Zeldin is in position to earn the New York GOP’s nomination at its convention next week and has the backing of almost every country chapter.
The convention, which follows the Democrats’ equivalent event in Manhattan last week, is expected to run from Monday to Tuesday in Garden City, Long Island. Nick Langworthy, chairman of the New York GOP, quickly endorsed Esposito on Wednesday, another signal of Zeldin’s strength.
But Giuliani, whose father was New York City’s mayor from 1994 to 2001, has the highest favorability rating with Republican voters, according to the Siena poll.
Forty-seven percent of Republicans viewed Giuliani favorably in the survey, compared with 27% for Zeldin. More Republicans had opinions on Giuliani, though. Twenty-one percent of Republicans viewed Astorino favorably, though most did not have an opinion.

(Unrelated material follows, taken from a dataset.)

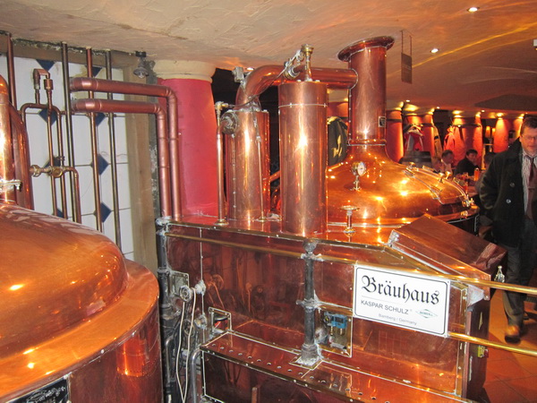 В рамках знакомства с местными культурными традициями посетил две принципиально разных гамбургских пивнушки. Первая - типично северная. Подвальное помещение, анфилада залов, зальчиков и комнатушек, пиво варится непосредственно в заведении. Еда - простая и питательная: всякие колбаски, свиное колено, капуста и все такое. И это набирают на подносы, оплачивают и тащат к себе на стол. Пиво можно взять самому, можно попросить принести официанта. Пивные установки стоят прямо в зале.

Steven Greenberg, Siena’s pollster, said voters were responding to Giuliani’s last name.
“This race is wide open,” Greenberg said, adding a riff on a Yogi Berra-ism. “Even though it’s getting late, it’s still really early.”
With a mouth that roars like his dad’s but little political experience, Giuliani launched his campaign last May, saying that crime was his top priority and that he expected his Trump-loving father to play a major role in his campaign.
The 36-year-old Giuliani was smacked with a flower pot while trying to break up a fight in Manhattan last month.
He has the support of Curtis Sliwa, the Republican nominee in New York City’s mayoral race last year, a potential boost downstate. But he could also irk liberal city voters with his unfounded claims that the 2020 presidential election results were unclear.
Astorino, the former Westchester County executive and onetime gubernatorial nominee, also launched his campaign last spring.
Astorino, 54, speaks Spanish and recognizes Biden as the winner of the 2020 race. The former radio producer said he expects to appeal to a spectrum of voters with his focus on crime and the economy.
“I’m going to build coalitions,” Astorino said Wednesday afternoon. “You have to do that as a Republican in this state.”
Whoever wins the nomination will battle the Democrats’ more than two-to-one advantage in New York voters registered to their party.
“It is an uphill climb for any Republican,” Greenberg said. “Who knows what the mood of voters will be come November? But they have their work cut out for them.”